Dans le lexique juridique, le référendum est défini comme étant le procédé de la démocratie semi-directe par lequel le peuple collabore  à l’élaboration de la loi qui ne devient parfaite qu’avec  le consentement populaire. Le référendum constituant est celui  qui porte sur l’adoption ou la révision d’une constitution. L’idéal dans une démocratie serait bien entendu la participation  du peuple à l’exercice de la souveraineté nationale. La souveraineté est définie par Carré de Malberg comme étant le pouvoir de droit originaire et suprême. Originaire en ce sens que c’est l’émanation du peuple. Suprême car aucun  autre pouvoir n’est au dessus du pouvoir souverain.  En tant que juriste je pose une et seule question aux intellectuels Guinéens : Où était cette souveraineté quand  le CNT, qui n’est pas l’émanation du peuple, avait eu l’aval pour réviser  la constitution dans le but de sa modification ? Cette souveraineté se trouve t-elle aujourd’hui pendant que le Gouvernement de Doré est entrain de porter gravement atteinte à l’intégrité territoriale constitutionnelle en négociant des engagements internationaux au nom du peuple et en l’absence de tout parlement légitime? La faculté de conclure des engagements internationaux est essentiellement un attribut de la souveraineté de l’État.

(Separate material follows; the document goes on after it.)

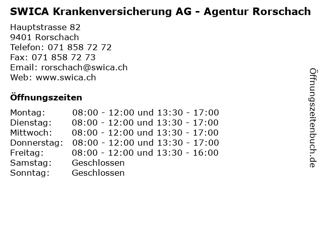 5 SWICA Krankenversicherung AG - Regionaldirektion St. Gallen (Entfernung: 11,06 km) Teufener Strasse 5, 9001 St. Gallen 6 SWICA Krankenversicherung AG - Agentur Altstätten (Entfernung: 11,78 km) Heidenerstrasse 1a, 9450 Altstätten |
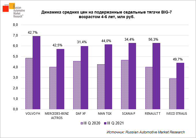 Согласно данным Russian Automotive Market Research, с III квартала 2020 г. по III квартал 2021 г. подержанные грузовые автомобили в среднем подорожали на 7%. Среди подержанных седельных тягачей марок BIG-7* возрастом 4-6 лет наибольший рост средних цен за год показала модель RENAULT T (+56,3%). Меньше всего прибавила в цене модель DAF XF (+31,4%). ____________________

Je crois qu’à moment donné nous devons avoir le bon sens. Notre souhait est l’organisation des élections dans la paix et la transparence  afin d’offrir à la Guinée les moyens de ses ambitions politiques et économiques. Seules les

élections permettront à la Guinée  de retrouver  sa place dans le concert des Nations. Dans la situation actuelle, la Guinée n’a aucune crédibilité internationale. Le recours au référendum pourra avoir des conséquences  et entrainer  le retour à la case de départ ce qui serait inacceptable.

Les conséquences en cas de recours au référendum :

1)   La première conséquence du recours au référendum  est la prolongation des élections et le scénario ivoirien. Le président Konaté à bien montré qu’il est un homme de parole et qu’il a bien l’intention de respecter  l’engagement pris lors de la signature des accords de Ouaga c'est-à-dire l’organisation des élections le 27 Juin. Vue le temps qui reste  on ne peut raisonnablement soutenir  en pratique  qu’on pourra organiser  un référendum digne de ce nom avant d’aller aux élections ;

2)   Le référendum exige une stabilité politique. Or dans la situation actuelle de la Guinée, le pays n’est pas stable. La situation peut dégénérer à tout moment ;

3)    En cas de référendum, le peuple  pourra ne pas approuver la constitution révisée.  En cas d’approbation par le peuple, il n’y a pas de problème. En revanche  lorsque le peuple désapprouve la constitution,  le blocage est inévitable ce qui entrainera le retour à la case de départ ;

4)   Le référendum exige qu’on organise un débat  national dans le cadre d’une assemblée parlementaire ou dans différents milieux qui composent la nation (intellectuels, politiques, société civile, personnalité ressources et spécialistes en matière constitutionnelle). Mais le respect du calendrier de la transition  exige d’aller aux élections le 27 Juin. Le récent communiqué du Forum des forces vives est la preuve probante  que la majorité des guinéens n’acceptera pas un report  des élections pour quelque motif que ce soit.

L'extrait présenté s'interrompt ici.